DATA FOR ANALYSIS:
**********

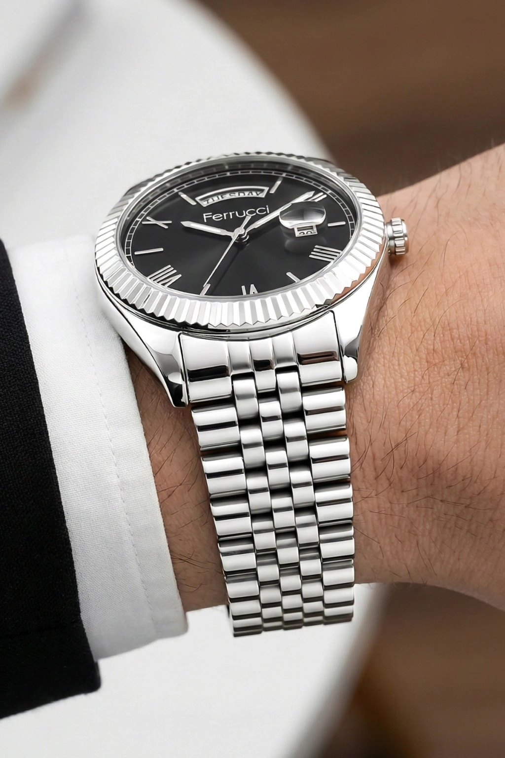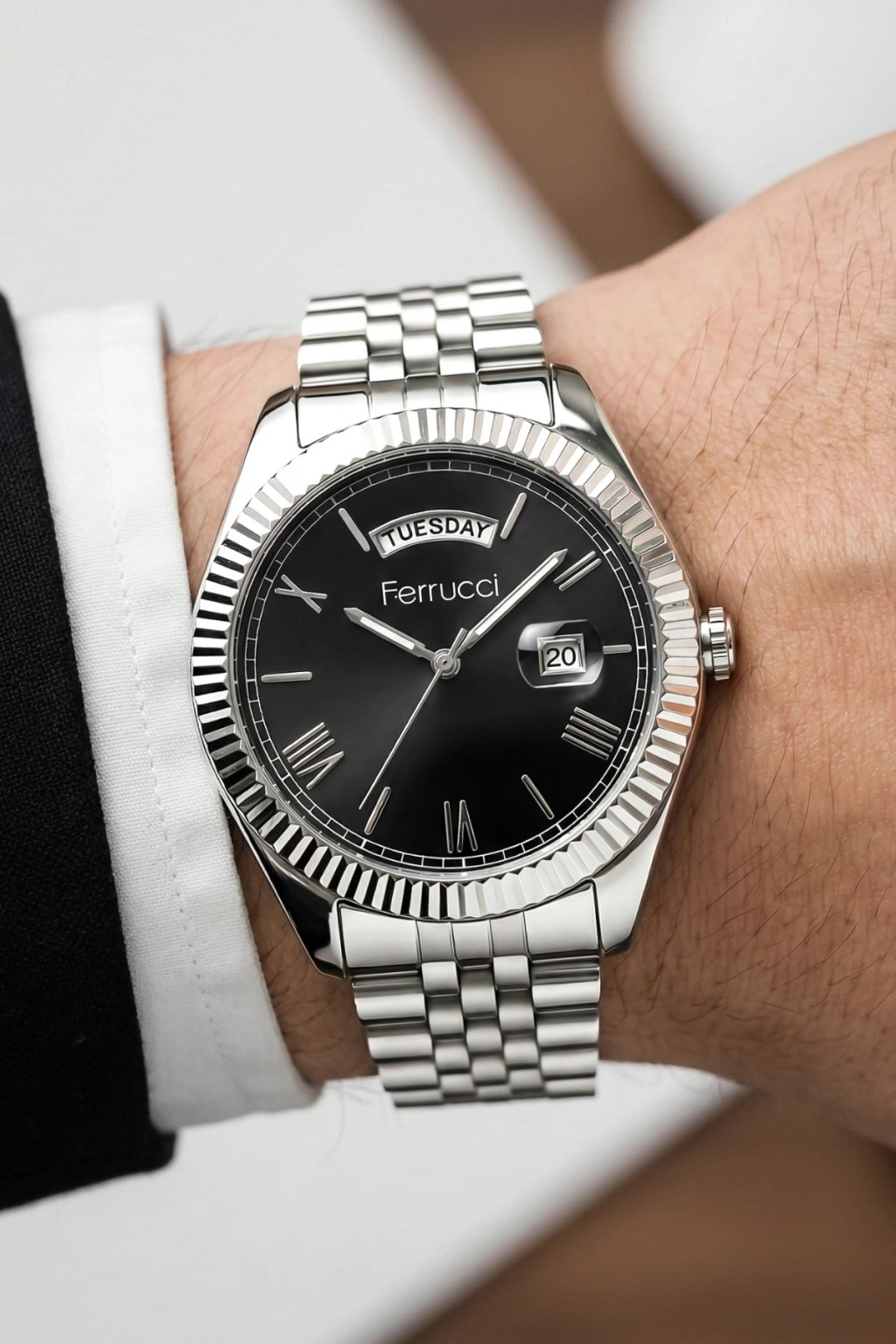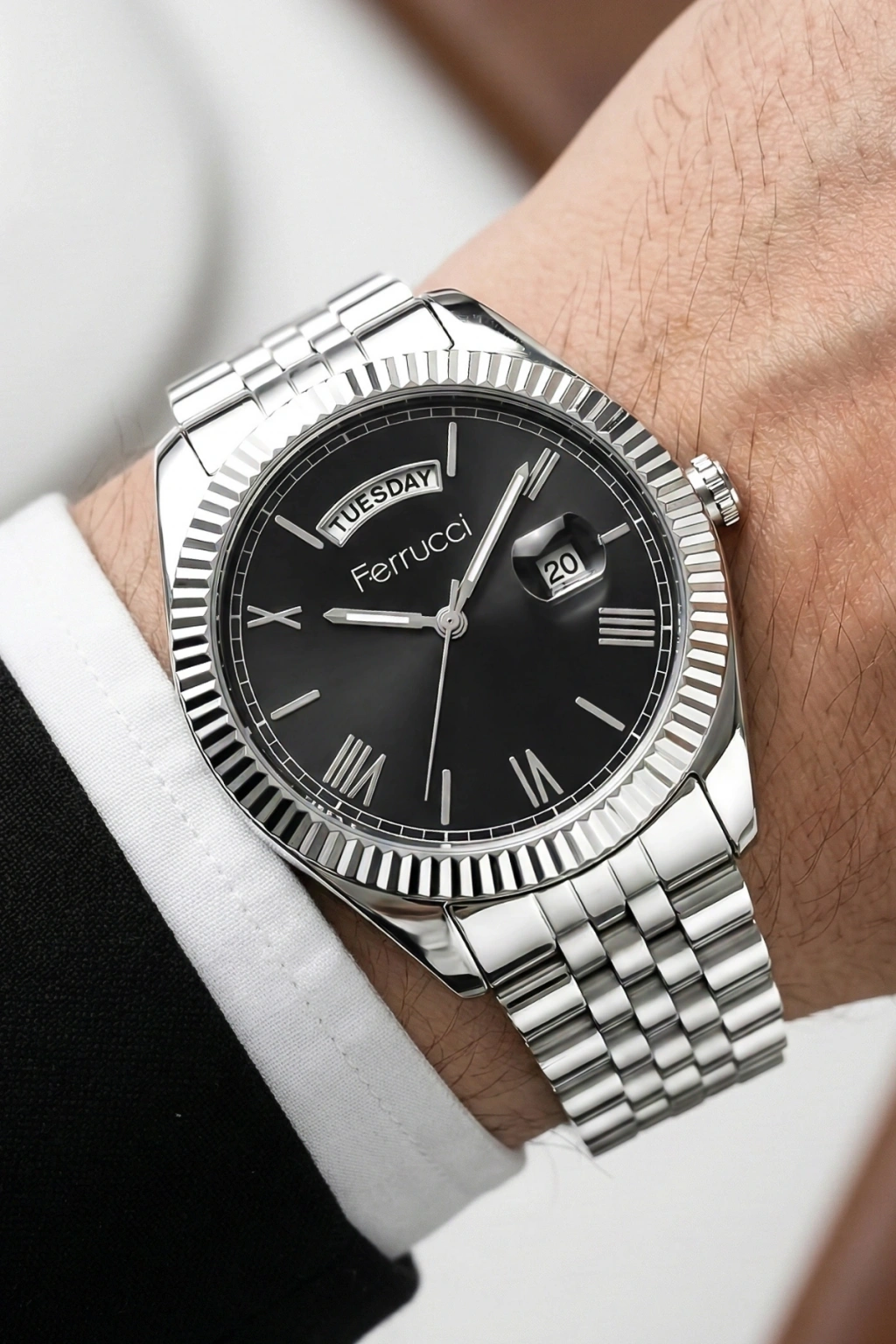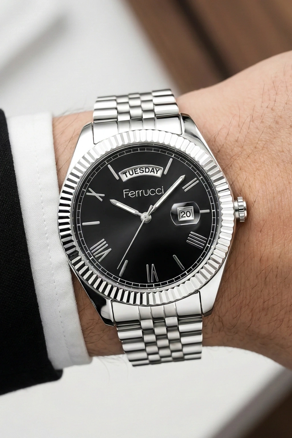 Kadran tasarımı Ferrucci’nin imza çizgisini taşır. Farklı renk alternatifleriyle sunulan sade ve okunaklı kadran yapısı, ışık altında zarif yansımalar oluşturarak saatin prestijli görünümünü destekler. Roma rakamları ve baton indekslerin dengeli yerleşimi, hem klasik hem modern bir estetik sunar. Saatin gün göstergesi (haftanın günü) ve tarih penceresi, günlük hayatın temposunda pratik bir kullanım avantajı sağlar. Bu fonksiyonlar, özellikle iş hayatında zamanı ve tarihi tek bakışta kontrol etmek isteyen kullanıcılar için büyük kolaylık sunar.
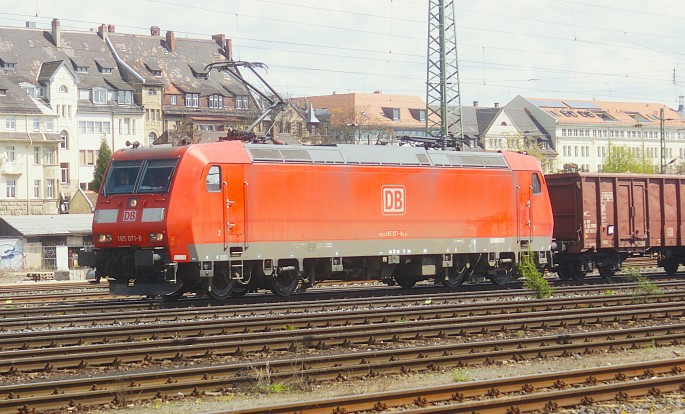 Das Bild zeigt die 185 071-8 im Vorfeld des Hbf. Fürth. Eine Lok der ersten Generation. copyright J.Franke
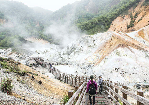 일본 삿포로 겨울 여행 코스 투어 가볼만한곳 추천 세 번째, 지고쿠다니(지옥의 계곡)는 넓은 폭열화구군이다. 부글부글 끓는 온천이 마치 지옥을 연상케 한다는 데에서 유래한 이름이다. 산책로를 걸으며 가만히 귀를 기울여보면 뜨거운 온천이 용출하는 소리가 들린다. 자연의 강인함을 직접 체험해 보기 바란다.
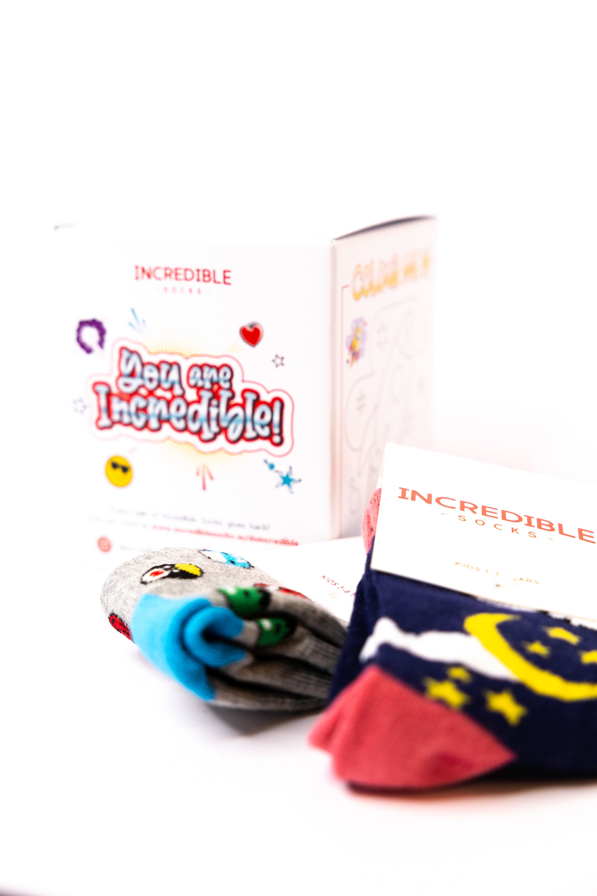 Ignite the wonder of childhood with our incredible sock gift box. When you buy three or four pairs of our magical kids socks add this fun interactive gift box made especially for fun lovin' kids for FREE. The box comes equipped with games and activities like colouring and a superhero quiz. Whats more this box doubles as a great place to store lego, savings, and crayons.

**********

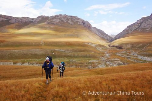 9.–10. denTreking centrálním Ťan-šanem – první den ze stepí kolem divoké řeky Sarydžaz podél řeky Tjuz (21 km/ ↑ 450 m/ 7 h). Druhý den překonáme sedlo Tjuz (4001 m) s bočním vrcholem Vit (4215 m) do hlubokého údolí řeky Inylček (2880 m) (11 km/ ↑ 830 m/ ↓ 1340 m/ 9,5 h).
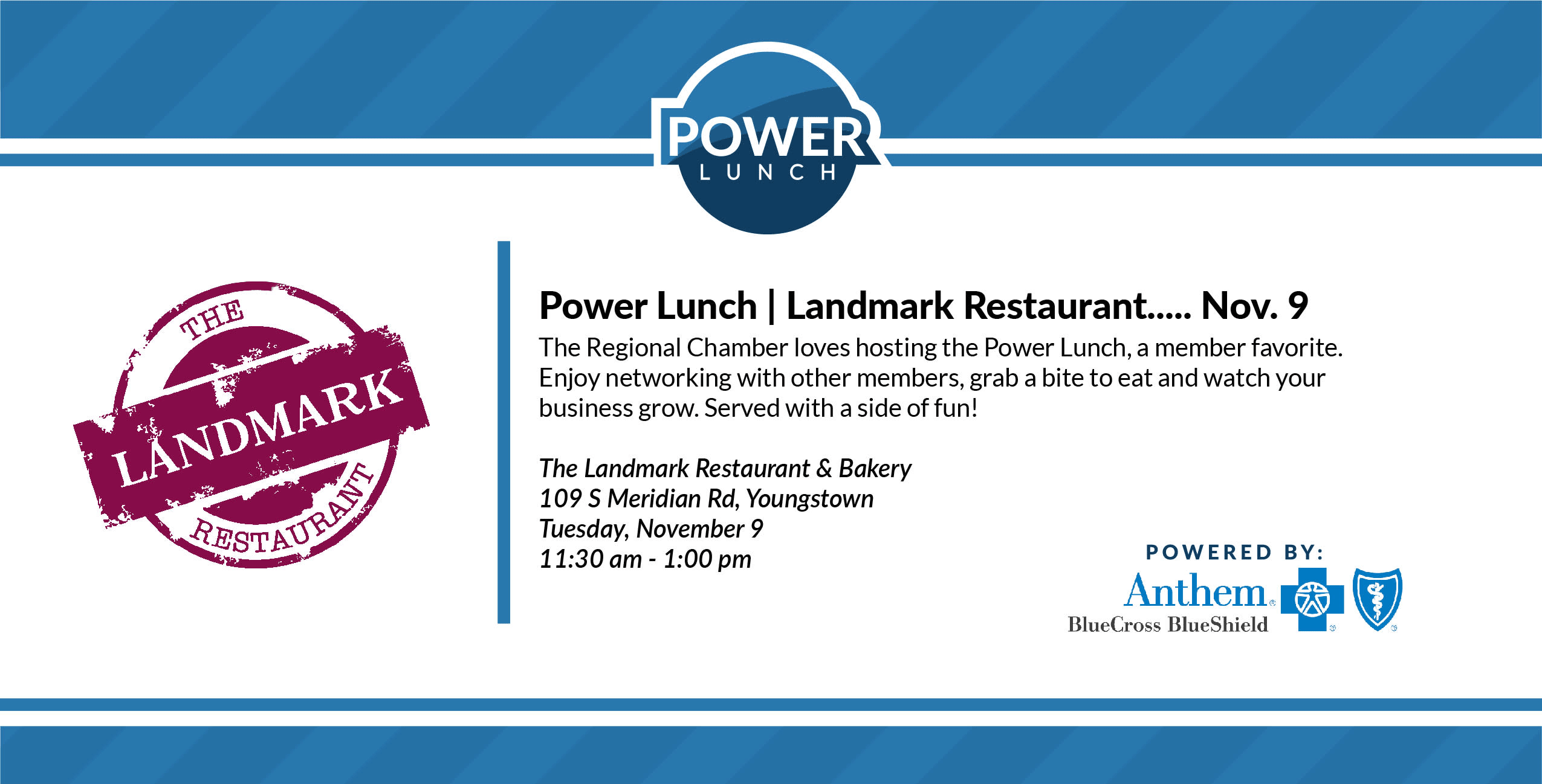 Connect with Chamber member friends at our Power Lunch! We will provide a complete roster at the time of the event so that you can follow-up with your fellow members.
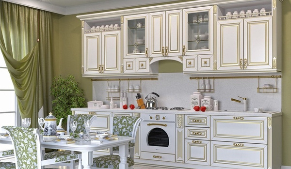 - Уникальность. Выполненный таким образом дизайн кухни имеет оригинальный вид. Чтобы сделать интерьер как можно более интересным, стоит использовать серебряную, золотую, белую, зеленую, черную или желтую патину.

**********

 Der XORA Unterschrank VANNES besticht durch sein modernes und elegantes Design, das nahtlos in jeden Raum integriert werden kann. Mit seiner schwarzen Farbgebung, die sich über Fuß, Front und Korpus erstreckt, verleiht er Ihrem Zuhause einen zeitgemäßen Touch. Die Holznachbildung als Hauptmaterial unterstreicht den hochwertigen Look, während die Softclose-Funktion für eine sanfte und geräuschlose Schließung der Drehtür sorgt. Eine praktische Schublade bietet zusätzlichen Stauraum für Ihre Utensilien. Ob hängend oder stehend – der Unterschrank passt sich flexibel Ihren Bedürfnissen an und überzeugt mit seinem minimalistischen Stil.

**********

PROBLEM TO SOLVE:
Give back exactly the lines above that run from the one with "Das Bild zeigt" to the one with "Ignite the wonder", including both, with the pictures left out.

ANSWER SECTION:
 Das Bild zeigt die 185 071-8 im Vorfeld des Hbf. Fürth. Eine Lok der ersten Generation. copyright J.Franke
 일본 삿포로 겨울 여행 코스 투어 가볼만한곳 추천 세 번째, 지고쿠다니(지옥의 계곡)는 넓은 폭열화구군이다. 부글부글 끓는 온천이 마치 지옥을 연상케 한다는 데에서 유래한 이름이다. 산책로를 걸으며 가만히 귀를 기울여보면 뜨거운 온천이 용출하는 소리가 들린다. 자연의 강인함을 직접 체험해 보기 바란다.
 Ignite the wonder of childhood with our incredible sock gift box. When you buy three or four pairs of our magical kids socks add this fun interactive gift box made especially for fun lovin' kids for FREE. The box comes equipped with games and activities like colouring and a superhero quiz. Whats more this box doubles as a great place to store lego, savings, and crayons.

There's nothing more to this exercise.